You have decided to do a road trip through Scotland. Great! Now what?
The first step is to think about where exactly you’d like to go and what you’d like to visit/see. Scotland might not be a big country but it will still take you quite a lot of time to explore sites you’d like to see. Especially if you want to see some of the famous, most instagrammable spots.
Our trip took 9 full days, 7 days if you take off 2 days of travelling from Essex to Scotland and back. Sure we saw loads in that time and travelled some on of the best roads, but I still wish we could have added a few more days and a few more stops. Speaking of some of the best roads, check out the last post on some great routes to take.
In this part of the ultimate guide, I will focus on the details that are useful when planning a road trip. Or any trip for that matter.
Food, glorious food!
When you think of Scotland and food, the first thing to cross your mind is probably a deep fried Mars bar. No, we haven’t tried it.

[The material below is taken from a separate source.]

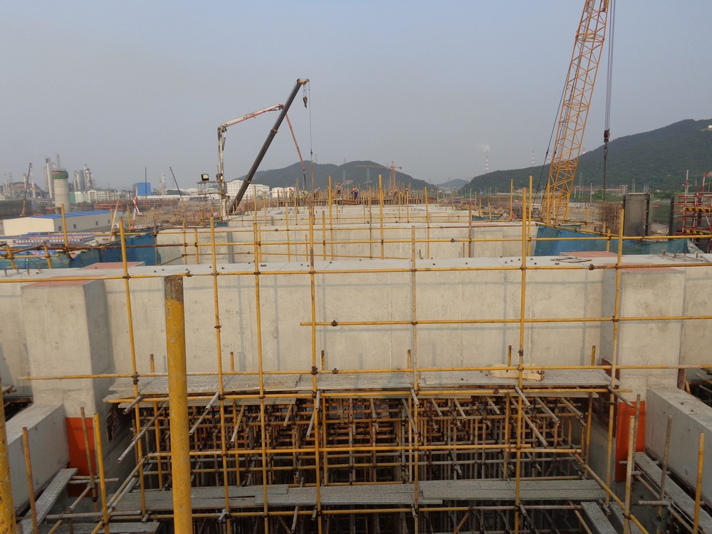 PDH裝置是寧波海越丙烷與混合碳四利用項(xiàng)目的核心裝置,而反應(yīng)框架是PDH裝置標(biāo)志性的建筑,自2013年1月16日開工以來,一直受到業(yè)主、監(jiān)理、EPC的高度關(guān)注,它全長114米,寬26米,高33.25米(其中基礎(chǔ)高13米),具備柱子(1000×2700)、梁(1500×2600)截面大,支模架高度高(13.411米),承重架搭設(shè)量大,地腳螺栓和預(yù)埋件數(shù)量多且大(預(yù)埋件單塊最大重1.5t)的特點(diǎn),同時(shí)涉及到高大模板及其承重體系、地腳螺栓安裝、大體積混凝土澆筑等多項(xiàng)專項(xiàng)施工方案的編制以及論證,且受施工工期緊、作業(yè)面及操作面狹小、施工過程中雨天頻繁、施工工藝操作難度大等因素影響,但寧波海越項(xiàng)目部堅(jiān)持發(fā)揚(yáng)“一家人、一條心、一股勁、一個(gè)目標(biāo)”的精神,項(xiàng)目部上下齊心合力克服重重困難,積極調(diào)動(dòng)各方資源力量,與班組緊密合作,精心組織,合理安排,不僅保證了反應(yīng)框架的進(jìn)度控制點(diǎn),而且施工實(shí)體質(zhì)量和表觀質(zhì)量也得到各方的高度評價(jià)。反應(yīng)框架優(yōu)質(zhì)的施工質(zhì)量在施工過程中曾多次作為樣板工程供海越丙烷與混合碳四利用項(xiàng)目各總包單位和分包單位觀摩的對象,且2013年4月我項(xiàng)目部憑著反應(yīng)框架的出類拔萃的混凝土質(zhì)量以及高度精準(zhǔn)的地腳螺栓預(yù)埋工作,被評為2013年浙江省工程建設(shè)優(yōu)秀質(zhì)量管理小組。

Some of the traditional food is haggis (of course), neeps and tatties, smokies, scotch pies and don’t forget porridge. A bowl of hot porridge with berries and honey is the best breakfast for cold and miserable weather.
But there is a lot more than just deep fried, heavy, meat diet; we found a place that served vegetarian haggis and it was really tasty.
Bigger towns have most of the worldly cuisine so you can take your pick. And guess what? The prices are so much lower than in England!
We got a Munchie box (big thing in Scotland btw) for about 15 pounds. We made a mistake and ordered 2 (who can resist 50% off) not knowing how big it actually is. Let me put it this way, it’s a XL pizza box, full of chicken strips, chips, ribs, veggies, onion rings and loads of other things.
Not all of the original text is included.